---------- Material provided ----------

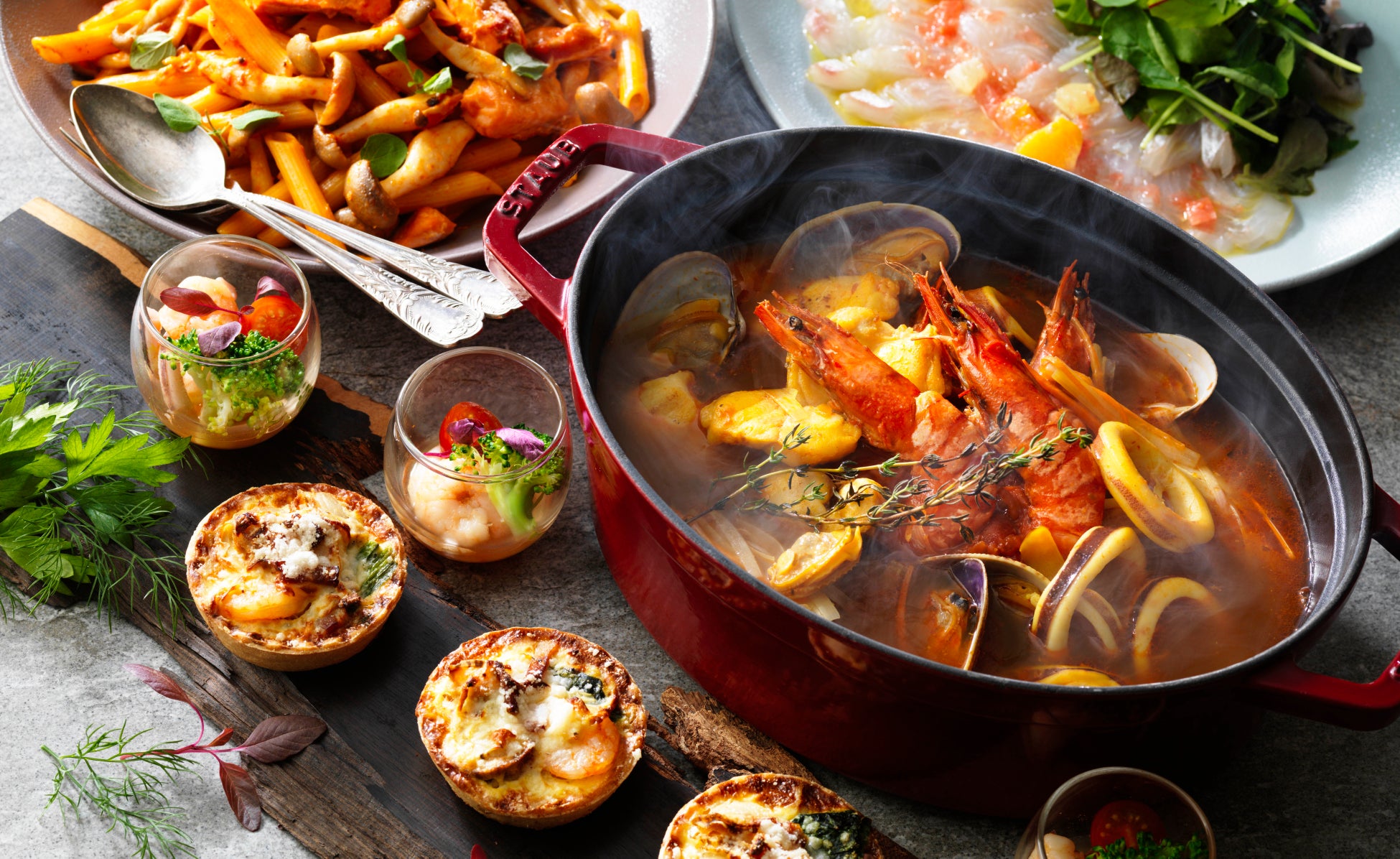 12月3日~1月31日の期間中、北海道の美味しい海鮮メニューをたっぷりとご提供する「北海道シーフードフェア」を「オールデイダイニング アトリウム」にて開催いたします。12月は「北海道ブイヤベース」を、1月は「北海道アクアパッツァ」を主役とした月替わりのシーフードメニューを各種ご用意。12月の「北海道ブイヤベース」は、シェフが厳選したアンコウ、アサリ、イカ、トマト、海老などの魚貝をたっぷりと使い、それぞれの素材の旨味がスープに凝縮、冬の冷えた体を温めます。他にも、ボイルズワイガニ、シーフードセビーチェ、エビとホタテのキッシュ、サーモンのトマトクリームペンネなどをご用意いたしております。
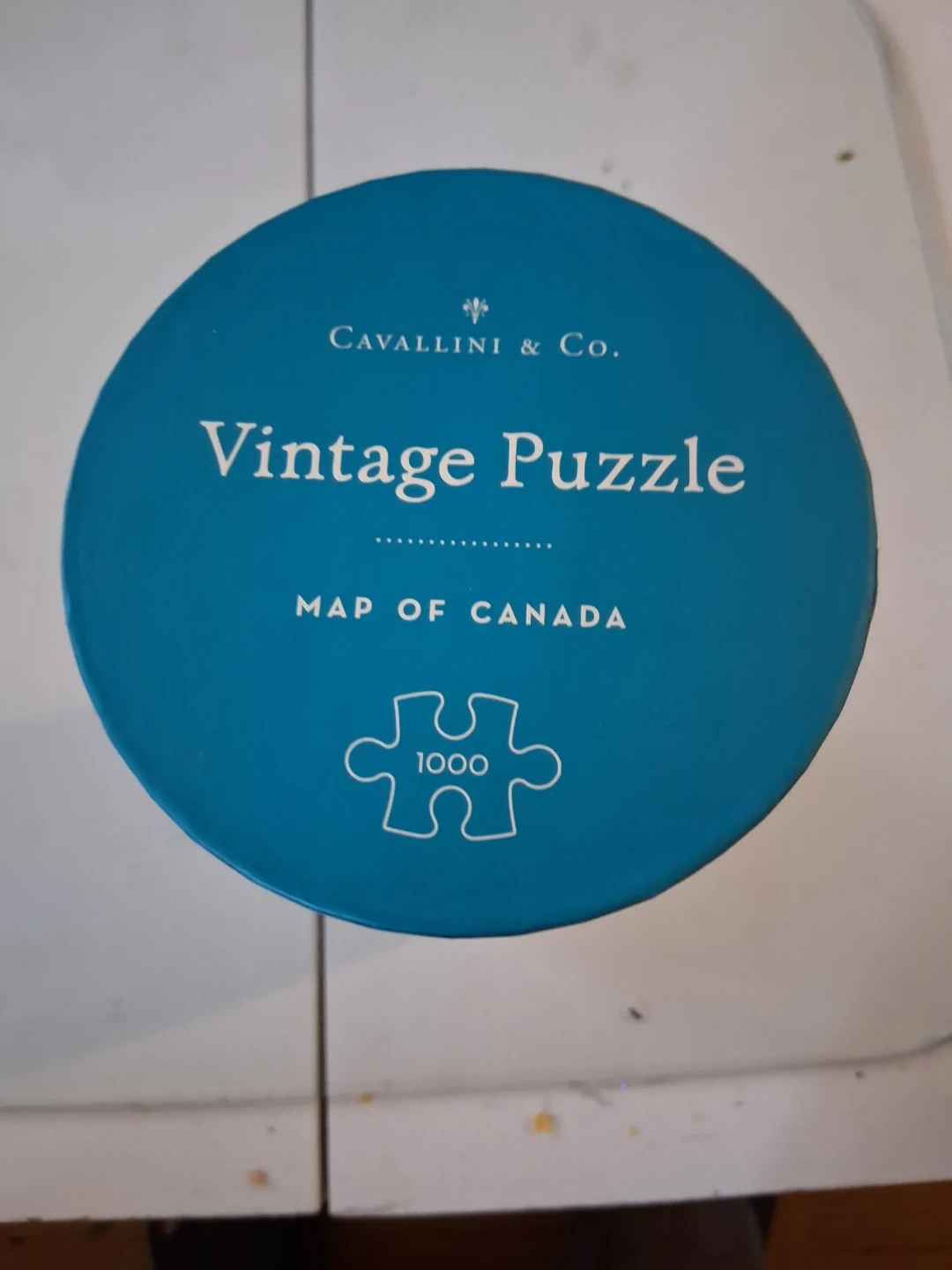 Selling a Cavallini & Co. Vintage Puzzle, featuring a detailed map of Canada. It's a 1000-piece puzzle and comes in its original packaging.
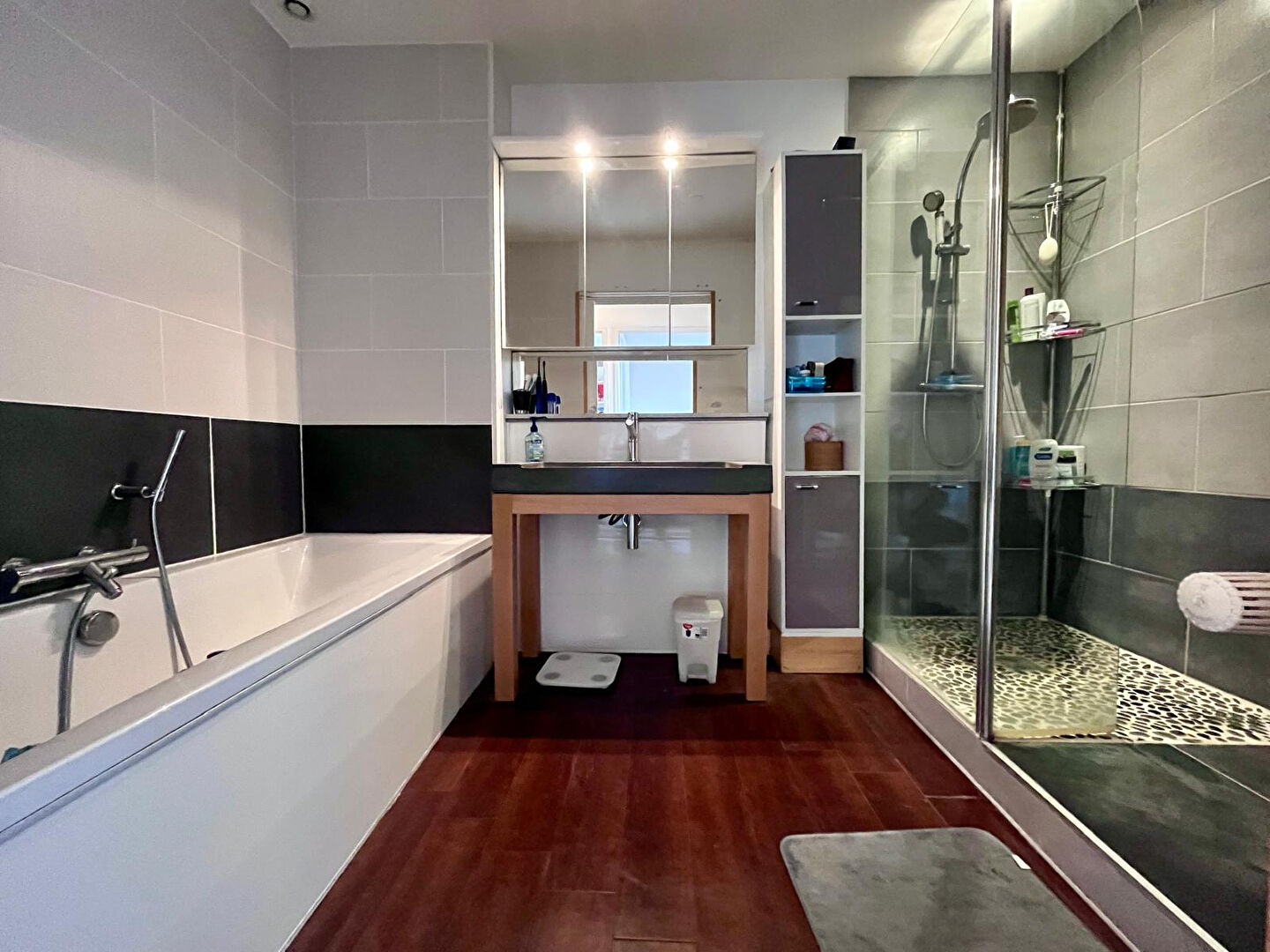 A l'étage, trois chambres dont une équipée d'un grand dressing sur mesure, la deuxième d'un grand placard. La salle de bains est équipée d'une douche et baignoire, séparé le deuxième w.c
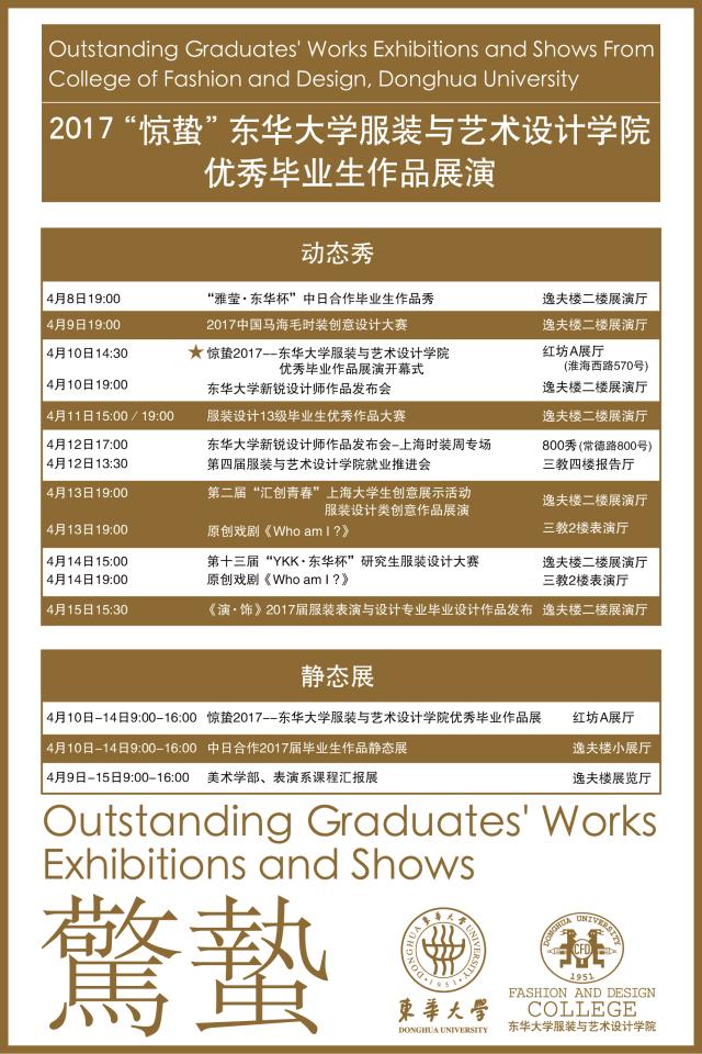 2017“惊蛰”东华大学服装与艺术设计学院优秀毕业生作品展演将于2017年4月8日在东华大学延安路校区拉开帷幕。本次展演以“惊蛰”为主题,以静态展、动态秀、原创戏剧、就业推进会为载体,表达“微雨众卉新,一雷惊蛰始”的寓意,呈现即将完成学业、走向社会的青年学子们的艺术创造力和设计表现力。
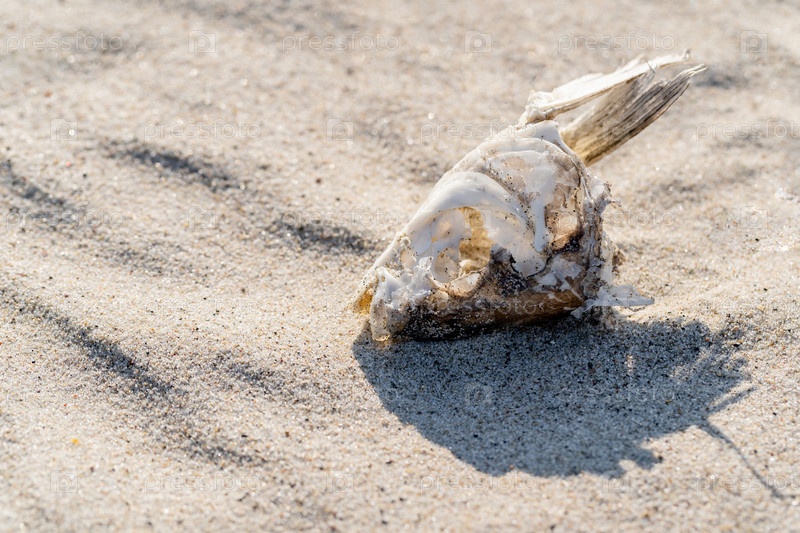 Скелет сушеной рыбы лежит на песке
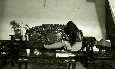 Naughty Asian women in prison camp with shaved pussy poking
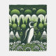 This piece is a striking visual symphony of nature and geometry, where a penguin stands amidst a stylised forest. Layered patterns of foliage, set against a tapestry of polka dots and graphic shapes, create a rich texture and depth. The design uses a bold green palette to evoke the lushness of the natural world while embracing the clarity and order of modern design. Ideal for lovers of nature and contemporary art, this design seamlessly marries the organic with the geometric, making it a sophisticated and dynamic addition to any collection.
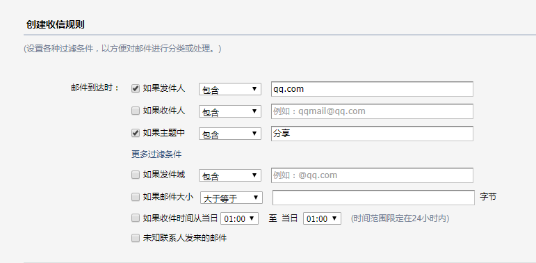 收信规则是一种可以由用户设定条件,根据不同条件实现自动处理邮件的功能。 您可以按照以下步骤设置: 登录腾讯企业邮箱; 点击上方“设置”标签; 在邮箱设置页面点击“收信规则”标签,然后点击“创建收信规则”进入过滤条件设置页面; 在规则过滤条件设置页面根据自己的要求择相应的条件,并在所选条件的对话框内填入相应的关键字、关键词,然后在标题“当邮件到达时”所在行选择“启用本规则”或“不启用本规则”,最后点击“保存”按钮。 保存设置以后,在收邮件时,规则过滤条件就会按照设置好的规则,执行移到个人文件夹、短信通知、直接删除、自动回复等功能。如果需要修改过滤器内容,只要选择需要修改收信规则并打开,修改完后保存即可。 单条收信规则可以设置多个条件对邮件进行组合过滤,同时满足所有勾选条件的邮件将命中该条规则,执行指定的操作。

----------

Problem statement
Extract, character for character, every line from the one that holds "This piece is" through the end of the entries above. Include both boundary lines and no pictures.

Answer space
 This piece is a striking visual symphony of nature and geometry, where a penguin stands amidst a stylised forest. Layered patterns of foliage, set against a tapestry of polka dots and graphic shapes, create a rich texture and depth. The design uses a bold green palette to evoke the lushness of the natural world while embracing the clarity and order of modern design. Ideal for lovers of nature and contemporary art, this design seamlessly marries the organic with the geometric, making it a sophisticated and dynamic addition to any collection.
 收信规则是一种可以由用户设定条件,根据不同条件实现自动处理邮件的功能。 您可以按照以下步骤设置: 登录腾讯企业邮箱; 点击上方“设置”标签; 在邮箱设置页面点击“收信规则”标签,然后点击“创建收信规则”进入过滤条件设置页面; 在规则过滤条件设置页面根据自己的要求择相应的条件,并在所选条件的对话框内填入相应的关键字、关键词,然后在标题“当邮件到达时”所在行选择“启用本规则”或“不启用本规则”,最后点击“保存”按钮。 保存设置以后,在收邮件时,规则过滤条件就会按照设置好的规则,执行移到个人文件夹、短信通知、直接删除、自动回复等功能。如果需要修改过滤器内容,只要选择需要修改收信规则并打开,修改完后保存即可。 单条收信规则可以设置多个条件对邮件进行组合过滤,同时满足所有勾选条件的邮件将命中该条规则,执行指定的操作。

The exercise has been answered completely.